My ZFS Configuration
My single Zpool currently looks like the following, with most options omitted for brevity.
sudo zpool create my-zpool mirror \
/dev/disk/by-id/aaa /dev/disk/by-id/bbb /dev/disk/by-id/ccc
sudo zfs create -o quota=25G my-zpool/Pictures
sudo zfs create -o quota=25G my-zpool/Music
sudo zfs create -o quota=10G my-zpool/Documents
sudo zfs create -o quota=10G my-zpool/Books
sudo zfs create -o quota=10G my-zpool/gitrepos
sudo zfs create -o quota=10G my-zpool/artifacts
sudo zfs create -o quota=50G my-zpool/pg-data -o mountpoint=/var/lib/postgresql
sudo zfs create -o quota=50G my-zpool/datalake
sudo zfs create -o quota=200G my-zpool/videos
Most of my ZFS datasets will always remain rather small. The ZFS datasets that
might outgrow the 500Gb size of each drive are datalake
, pg-data
(postgresql), and videos
(movies and TV shows). I have tried to be rather
disciplined with keeping the datasets organized and deliberate, partly because I
want to be prepared to move each of those to a separate zpool (each with 1
mirror vdev). I like the ability to control the redudancy for each of the
datasets; I like the idea of having more redundancy for Documents
, gitrepos
and maybe pgdata
than videos
because those are more important for me and
harder to replace, whereas I can download my movies again from…sources if
needed. I can also accept less redundancy for my datalake
because that is easy
to back up in AWS and just analyze files in an S3-compatible distributed
filesystem. FYI, I am ok with keeping my datalake unencrypted in AWS because I
mainly have public datasets, albiet transformed to suit my analytical needs.

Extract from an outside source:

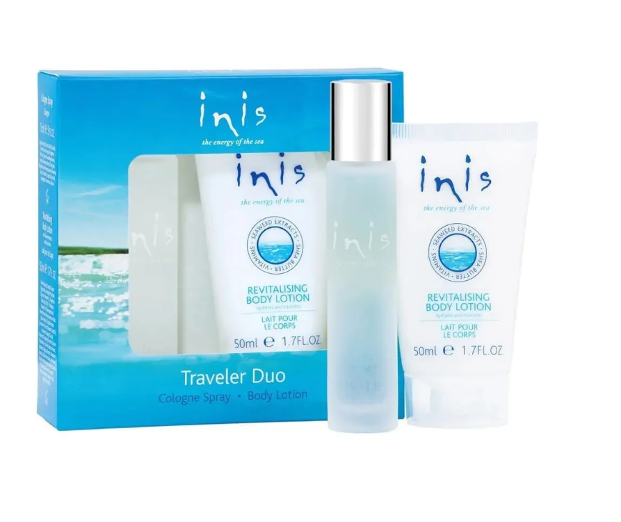 Take your favourite refreshing scent anywhere you go with this set of travel-friendly sizes. An incredible special value, our Traveler Duo is also a great way to sample Inis the Energy of the Sea.

The main drawback of this is “losing” 33%-50% of my raw drive capacity to redundancy, as opposed to maybe 10% of raw capacity “lost” to redundancy in a scenario of RAIDZ-n vdevs. But for normal human beings who do not have crazy capacity requirements, 33%-50% of storage capacity is plenty.
Even if I go a bit crazy with movies, I would rather have a zpool for each of various genres than 1 more complicated zpool because I value the simplicity of “simple mirroring” and ease of management over capacity.
I really want to stick to an all-(SATA-)SSD file server for as long as I can
because I value the minimal power draw, near silence, and high reliability. For
the past year, I haven’t had any integrity issues, atleast after I switched to
using names like /dev/disk/by-id/_____
rather than /dev/sdn
to avoid issues
identifying drives on reboot. So far, my single ZFS mirror has had excellent
scrub time, read and write performance, and reliability. Let’s not ruin it by
getting greedy about capacity. Part of the way I have kept my capacity
requirements low is being disciplined about cleaning out unused data roughly
every quarter.
Conclusion
I had to think quite a lot about my ZFS topology when I was initially setting it up, but this blog post by JR-Systems helped me decide between a single mirror vdev and a single RAIDZ-2 vdev.
Too many words, mister sysadmin. What’s all this boil down to?
- don’t be greedy. 50% storage efficiency is plenty.
- for a given number of disks, a pool of mirrors will significantly outperform a RAIDZ stripe.
- a degraded pool of mirrors will severely outperform a degraded RAIDZ stripe.
- a degraded pool of mirrors will rebuild tremendously faster than a degraded RAIDZ stripe.
- a pool of mirrors is easier to manage, maintain, live with, and upgrade than a RAIDZ stripe.
- BACK. UP. YOUR POOL. REGULARLY. TAKE THIS SERIOUSLY.
TL;DR to the TL;DR – unless you are really freaking sure you know what you’re doing… use mirrors. (And if you are really, really sure what you’re doing, you’ll probably change your mind after a few years and wish you’d done it this way to begin with.)
This is consistent with my limited experience with ZFS.